Aim of the task
Nothing below is to be printed except the lines between the line holding "마지막으로 자기 전 천장" and the line holding "Свадебное платье облегающего", inclusive, each exactly as it appears.

Records supplied

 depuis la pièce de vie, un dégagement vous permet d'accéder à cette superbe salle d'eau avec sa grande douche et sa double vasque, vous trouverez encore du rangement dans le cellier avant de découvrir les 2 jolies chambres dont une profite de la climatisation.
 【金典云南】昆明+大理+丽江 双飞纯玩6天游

==

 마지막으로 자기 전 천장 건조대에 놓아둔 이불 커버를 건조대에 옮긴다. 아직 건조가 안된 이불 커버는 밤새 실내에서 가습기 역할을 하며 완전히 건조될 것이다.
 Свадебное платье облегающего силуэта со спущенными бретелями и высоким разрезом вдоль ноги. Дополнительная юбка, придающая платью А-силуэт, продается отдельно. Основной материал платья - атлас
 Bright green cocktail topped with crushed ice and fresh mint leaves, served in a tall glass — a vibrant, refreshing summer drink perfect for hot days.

Your response
 마지막으로 자기 전 천장 건조대에 놓아둔 이불 커버를 건조대에 옮긴다. 아직 건조가 안된 이불 커버는 밤새 실내에서 가습기 역할을 하며 완전히 건조될 것이다.
 Свадебное платье облегающего силуэта со спущенными бретелями и высоким разрезом вдоль ноги. Дополнительная юбка, придающая платью А-силуэт, продается отдельно. Основной материал платья - атлас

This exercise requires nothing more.